Verantwoording van de bewerking
Het voorlopige einde van het archief werd in overleg met de leiding van de school op 1958 bepaald. De keuze voor deze caesuur berustte op de directeurswisseling tussen H. Andriessen en K. van Baaren. Administratief gezien bleek dit een zeer willekeurige en ongelukkige datum. De schooladministratie is immers op 1 januari 1956 begonnen met een fichedoorschrijfsysteem, met een codering afgeleid van de basiscode V.N.G. De inventarisatie werd om die reden afgesloten op 31 december 1955. De inventarisatie werd verricht als onderdeel van de opleiding tot middelbaar archiefambtenaar in de periode 1979-1980.
Ordening van het archief
Naast de series notulen en correspondentie zijn er van af de vroegste tijden enkele rubrieken gevormd. We onderscheiden de financiën van de school, het pensioenfonds en de leerlingenadministratie.
Buiten deze rubrieken om zijn er ook steeds, van zaken die men belangrijk achtte, dossiers gevormd. Voorbeelden hiervan zijn de aanschaf van het orgel en de plannen voor de nieuwbouw.
Het rubriekenstelsel, zoals dat in 1920 langzamerhand werd ingevoerd, heeft ongetwijfeld enige tijd gefunctioneerd. Het systeem verwaterde echter door te ver doorgevoerde differentiatie in de rubrieken. 0m die reden en omdat de oude orde door verhuizing en slordige berging in het verleden teloor was gegaan, is al het materiaal van na 1920 herordend en grotendeels in de correspondentie ingevoegd.

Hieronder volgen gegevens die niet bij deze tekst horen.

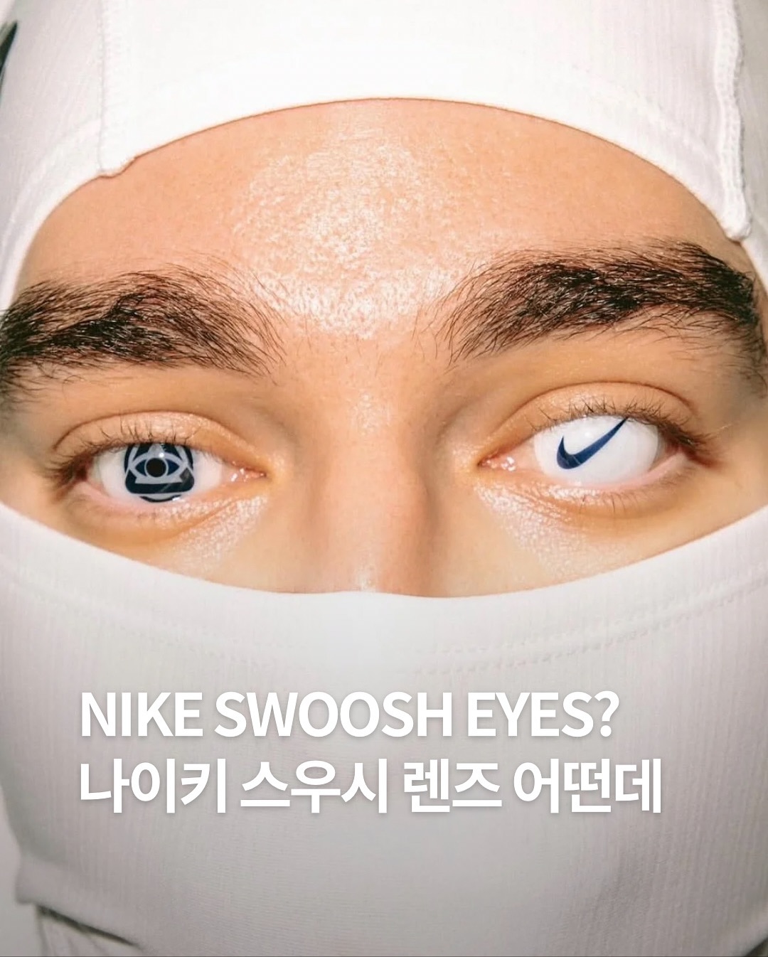 ▪️한 쪽은 Nike Swoosh 로고 & 다른 쪽은 Lifestyle Corporation 로고로 양쪽 눈 다르게 착용함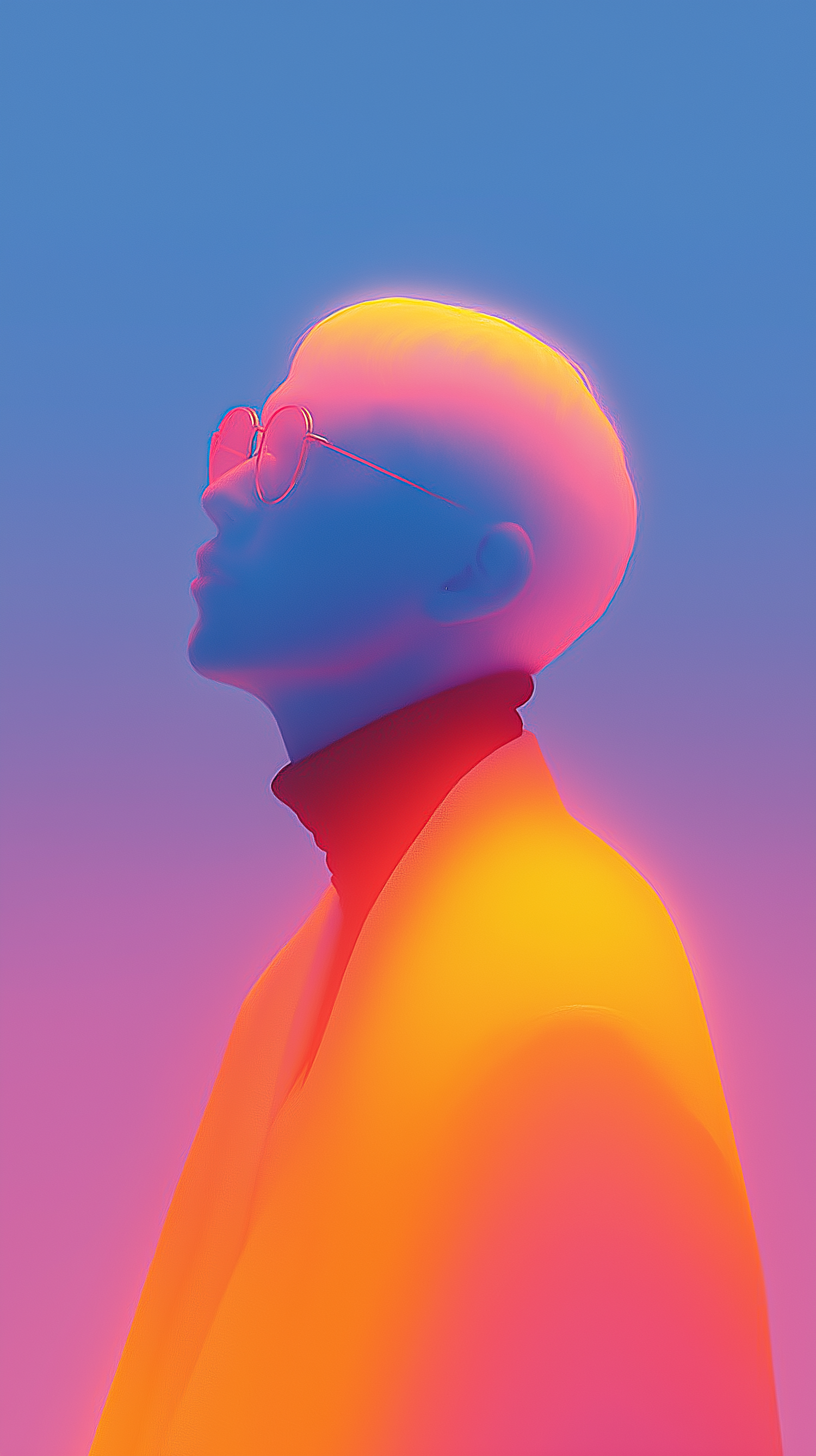 A vibrant digital artwork of a person in profile, glowing with neon hues of pink, orange, and blue, set against a gradient background.

Aanwijzingen voor de gebruiker

Openbaarheidsbeperkingen
Volledig openbaar.
Beperkingen aan het gebruik
Reproductie van originele bescheiden uit dit archief is, behoudens de algemene regels die gelden voor het kopiëren van stukken, niet aan beperkingen onderhevig. Er zijn geen beperkingen krachtens het auteursrecht.
Materiële beperkingen
Het archief kent geen beperkingen voor het raadplegen van stukken als gevolg van slechte materiële staat.
Aanvraaginstructie
Openbare archiefstukken kunnen online worden aangevraagd en gereserveerd. U kunt dit ook via de terminals in de studiezaal van het Nationaal Archief doen. Om te kunnen reserveren dient u de volgende stappen te volgen:
  1. Creëer een account of log in.
  2. Selecteer in de archiefinventaris een archiefstuk.
  3. Klik op ‘Reserveer’ en kies een tijdstip van inzage.
Citeerinstructie
Bij het citeren in annotatie en verantwoording dient het archief tenminste éénmaal volledig en zonder afkortingen te worden vermeld. Daarna kan worden volstaan met verkorte aanhaling.
VOLLEDIG:
Nationaal Archief, Den Haag, Koninklijk Conservatorium voor Muziek te 's-Gravenhage, nummer toegang 3.12.02.01, inventarisnummer ...
VERKORT:
NL-HaNA, Koninklijk Conservatorium 's-Gravenhage tot 1955, 3.12.02.01, inv.nr. ...

Verwant materiaal

Beschikbaarheid van kopieën
Inventarisnummers van dit archief zijn niet in kopievorm beschikbaar
Publicaties
Geraadpleegde bronnen D.J. Balfoort, De geschiedenis van de Koninklijke Hofkapel 1820-1842. 's-Gravenhage. E. Reeser, Een eeuw Nederlandse Muziek. Amsterdam 1950. S. Dresden, Het muziekleven in Nederland sinds 1880 . Amsterdam 1923. Koninklijk Conservatorium voor Muziek te 's-Gravenhage 1826-1926 . Gedenkboek uitgegeven door de Commissie van Toezicht op den 25e maart 1926 ter gelegenheid van het honderjarig bestaan van het conservatorium. J. Kasander, 150 Jaar Koninklijk Conservatorium. Den Haag 1976. C. Versteeg, C. Postmaa, Ten behoeve der opterigten school, kroniek van een Koninklijke Muziekschool , z.p. 1980. (Fantasio), Een kijkje in het Koninklijk Conservatorium voor Muziek te 's-Gravenhage, Den Haag 1903.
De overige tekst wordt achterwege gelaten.